====== Materials provided ======

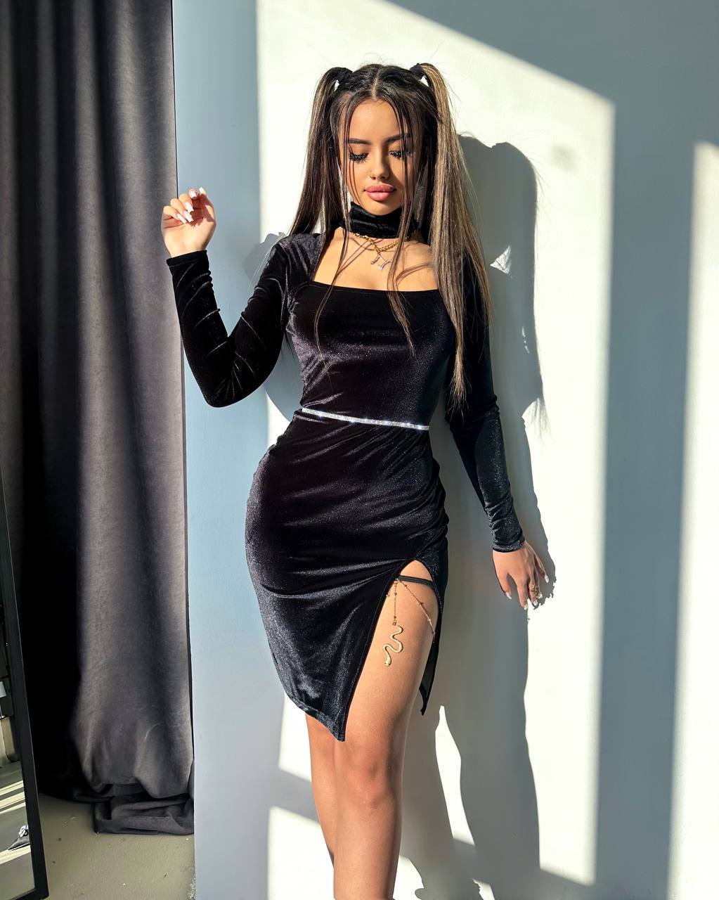 Оксамитова сукня. У комплекті на пояс йде стрічка з камінням, яке дуже красиво мерехтить на сонці та при штучному освітленні. Можна носити з нею або без.
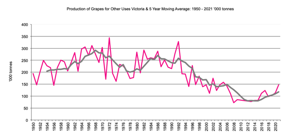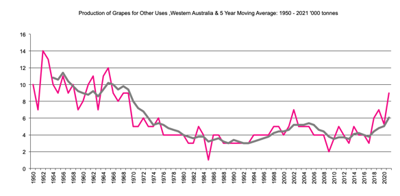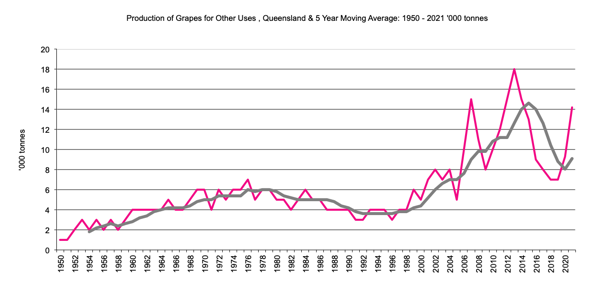 Production of grapes, Other Uses ( fresh, dried) '000 tonnes,5 year moving average
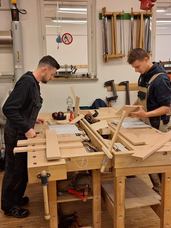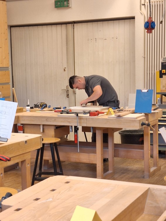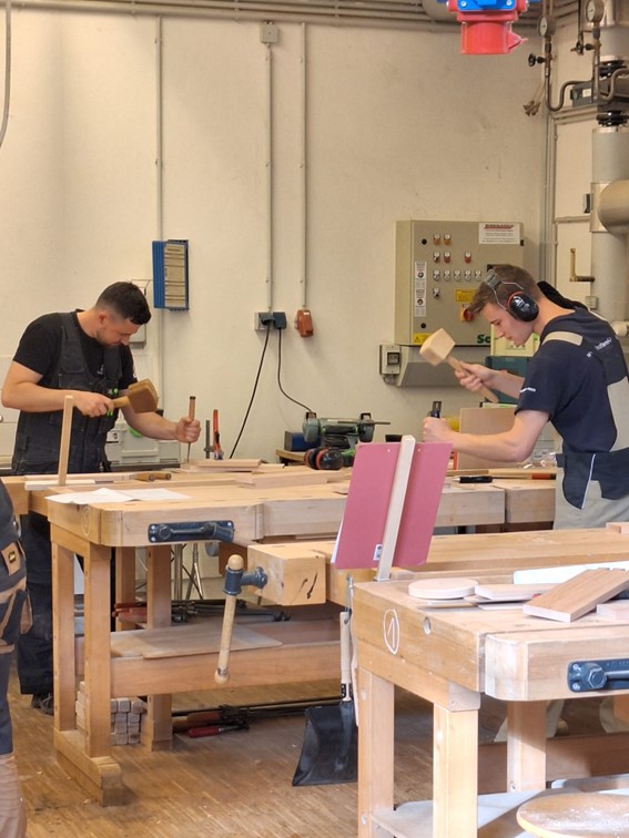 Die leichte positive Anfangsanspannung löste sich nach kurzer Zeit in einer intensiven Arbeitsphase, in der die jungen Gesellen/-innen hochkonzentriert, strukturiert und mit einer hohen fachlichen Kompetenz, dass kleine Werkstück umsetzten.
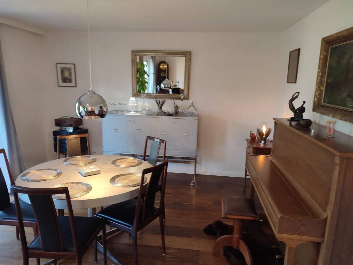 6 lichtdurchflutete Zimmer, 3 Badezimmer, 1 Gästetoilette, 4 Schlafzimmer, 140 qm nicht einsehbarer, großer Privatgarten, durch Solarenergie klimatisiertes Dachgeschoss mit sehr leistungsstarker (4 kW), neuer Klimaanlage, so dass ein wunderbares "Wohlfühlklima" im gesamten Haus entsteht, 2 Glasduschen, 1 Badewanne, 4 Schreibtische bzw. Arbeitsplätze, 6 Schlafplätze und ein aufblasbares Notbett für Gäste, Massagesessel (sehr sanft!), Abstellkammer im Garten, edle Gartenmöbel aus Polyrattan mit weißen Polstern, 3 internetfähige Flachbildfernseher (2 davon sehr groß), sehr gute Stereoanlage, 3 Föne, neue Handtücher, Bügelbrett und Bügeleisen, neue Trockner, neue Waschmaschine, Geschirrspülmaschine, hervorragend klingendes im April 2025 neu gestimmtes Klavier inklusive Notenbücher, im Dach teilweise elektrische, teilweise mechanische Außenjalousien, große Einzelgarage mit Elektrotor, Tischtennisplatte und 4-5 Fahrräder, Fußball-Kicker Spiel, Gesellschaftsspiele, klimatisiertes Dachgeschoss
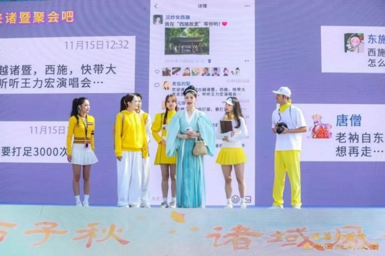 除了重磅榜单与优惠政策,活动现场还设置了后备箱市集,集中展销各地风物特产,上演情景剧《西施的朋友圈》,并搭配四地文旅元素打卡点,吸引游客驻足互动,感受“跟着西施游诸暨”的独特魅力,现场发放珍珠消费券等一键联动了诸暨秋游+秋购。同期,五泄风景区“七彩五泄·诗画秋韵”第十五届山水季正火热进行中,为秋日游览增添诗意氛围。
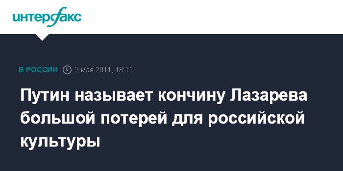 Москва. 2 мая. INTERFAX.RU - Председатель правительства России Владимир Путин выразил глубокие соболезнования в связи с кончиной народного артиста РСФСР, актера Московского академического театра имени Вл.Маяковского Александра Лазарева, сообщила пресс-служба правительства России. "Это большая потеря для российской культуры, отечественного искусства, для театра имени Вл.Маяковского, который стал для Александра Лазарева по-настоящему родным", - говорится в телеграмме премьера.
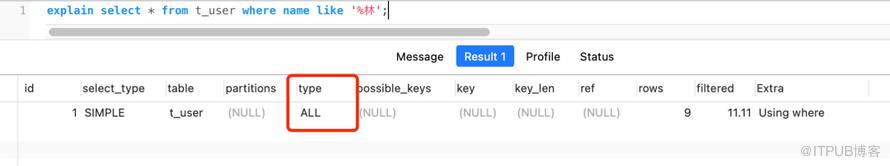 比如下面的 like 语句,查询 name 后缀为「林」的用户,执行计划中的 type=ALL 就代表了全表扫描,而没有走索引。
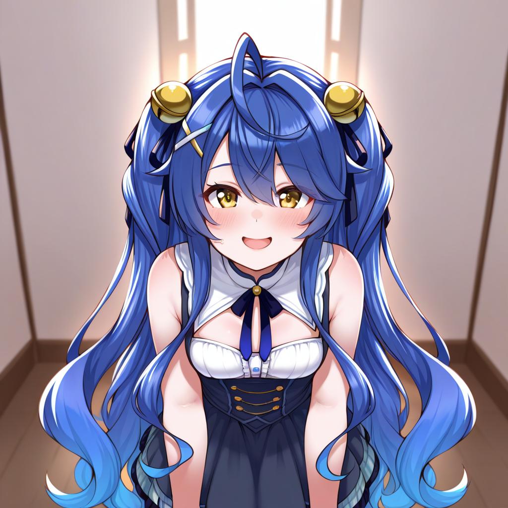 Amamiya kokoro, nijisanji, 1girl, skin fang, yellow eyes, hair between eyes, blue hair, very long hair, long hair, x hair ornament, ahoge, two side up, twintails, hair bell, hair ribbon, small breasts, virtual youtuber, virtual youtuber, jingle bell, by artist disco brando, illustrious

======

*Task description*: Beginning with the line above that has "Production of grapes, Other" and going on through the line that has "除了重磅榜单与优惠政策,活动", retype every line exactly and add nothing else; drop the pictures.

*Solution to this exercise*:
 Production of grapes, Other Uses ( fresh, dried) '000 tonnes,5 year moving average
 Die leichte positive Anfangsanspannung löste sich nach kurzer Zeit in einer intensiven Arbeitsphase, in der die jungen Gesellen/-innen hochkonzentriert, strukturiert und mit einer hohen fachlichen Kompetenz, dass kleine Werkstück umsetzten.
 6 lichtdurchflutete Zimmer, 3 Badezimmer, 1 Gästetoilette, 4 Schlafzimmer, 140 qm nicht einsehbarer, großer Privatgarten, durch Solarenergie klimatisiertes Dachgeschoss mit sehr leistungsstarker (4 kW), neuer Klimaanlage, so dass ein wunderbares "Wohlfühlklima" im gesamten Haus entsteht, 2 Glasduschen, 1 Badewanne, 4 Schreibtische bzw. Arbeitsplätze, 6 Schlafplätze und ein aufblasbares Notbett für Gäste, Massagesessel (sehr sanft!), Abstellkammer im Garten, edle Gartenmöbel aus Polyrattan mit weißen Polstern, 3 internetfähige Flachbildfernseher (2 davon sehr groß), sehr gute Stereoanlage, 3 Föne, neue Handtücher, Bügelbrett und Bügeleisen, neue Trockner, neue Waschmaschine, Geschirrspülmaschine, hervorragend klingendes im April 2025 neu gestimmtes Klavier inklusive Notenbücher, im Dach teilweise elektrische, teilweise mechanische Außenjalousien, große Einzelgarage mit Elektrotor, Tischtennisplatte und 4-5 Fahrräder, Fußball-Kicker Spiel, Gesellschaftsspiele, klimatisiertes Dachgeschoss
 除了重磅榜单与优惠政策,活动现场还设置了后备箱市集,集中展销各地风物特产,上演情景剧《西施的朋友圈》,并搭配四地文旅元素打卡点,吸引游客驻足互动,感受“跟着西施游诸暨”的独特魅力,现场发放珍珠消费券等一键联动了诸暨秋游+秋购。同期,五泄风景区“七彩五泄·诗画秋韵”第十五届山水季正火热进行中,为秋日游览增添诗意氛围。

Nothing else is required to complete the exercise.